Here's what's important to us...
We are modeling with our toddler to say please and thank you. We coach him when he asks us for something, but are not "what's the magic word" kind of people. This is a habit that children take a long time to learn, and denying them what they are needing doesn't help. But we do use it when we ask him for his cooperation in a task. (Tone of voice when asking for something is a bit more important... no one likes to have orders shouted at them.:))
RSVP- You know, as someone who plans gatherings, it's great to hear from people regardless of if they can make it. I'm sure moms planning parties feel the same way. To me, it's standard courtesy. If you care enough to come, RSVP. If you care enough to be invited again, RSVP if you can't. RSVP is French --Repondez-vous, s'il vous plait--- which translates to Please get back to us in a timely manner whether you are coming or not.

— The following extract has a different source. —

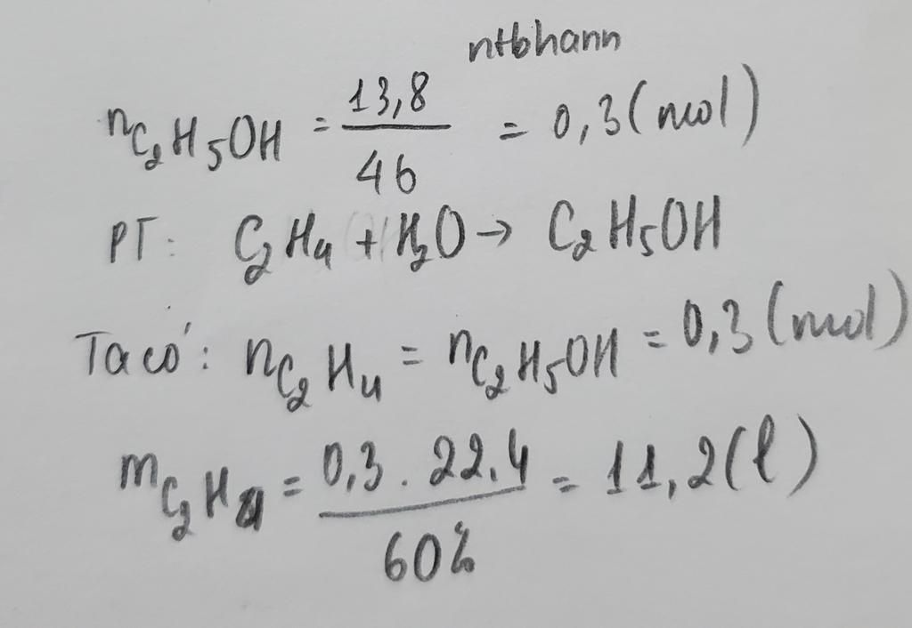 $\rm V_{C_2H_4}=\dfrac{0,3×22,4}{60\%}=11,2(l)$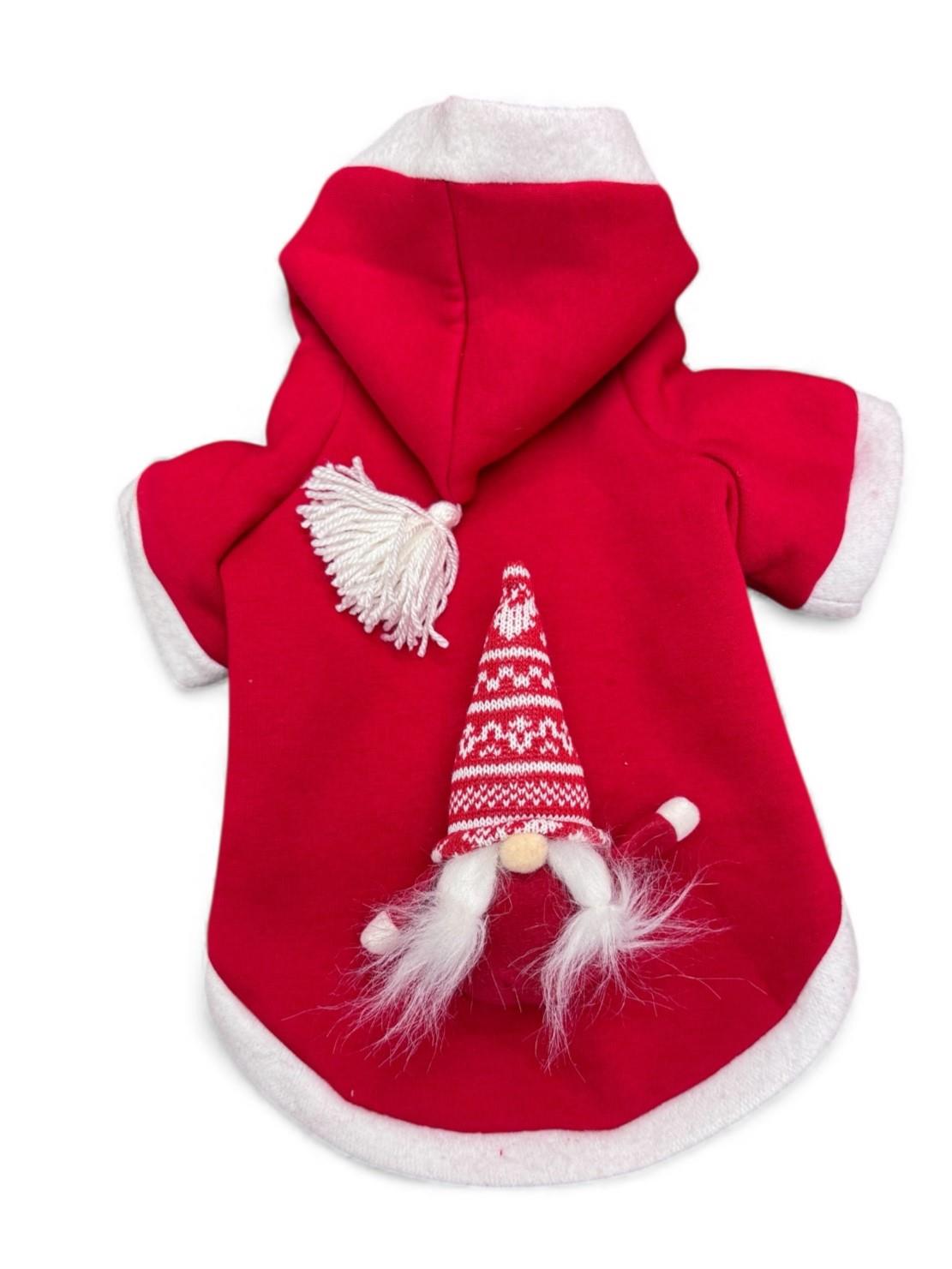 Noel Cücesi Gnome Yılbaşı Köpek Kıyafeti Noel Cücesi Gnome Kırmızı Polar | Kapüşonlu Noel Köpek Sweatshirt | Küçük Irklar İçin Premium

Thank You's- as the auntie of two sets of nephews, I have certain feelings about this. When I take the time to send a package/present, I like some sort of acknowledgement. One of my nephews (and his mom) don't "do" thank you's, and I'm always a bit less excited about gifting them than I am my other set of nephews.Their "thank yous" are often a card that has pictures and stickers from the kids to us, which is age-appropriate for little ones. A note is nice too, and teaches children how to compose a thoughtful correspondence to another person, which can be a lost art in the days of email and texting. Thank you cards are good for two reasons: the giver's genorosity and effort is brought to the attention of the child (so they don't take it for granted) and it's a lifelong skill that is very useful in maintaining adult professional relationships later on. As adults, sending a thank you note to a friend for their help, or another professional for their advice, insight or time is a great way to cement relationships. (I could go on and on in regard to this one!)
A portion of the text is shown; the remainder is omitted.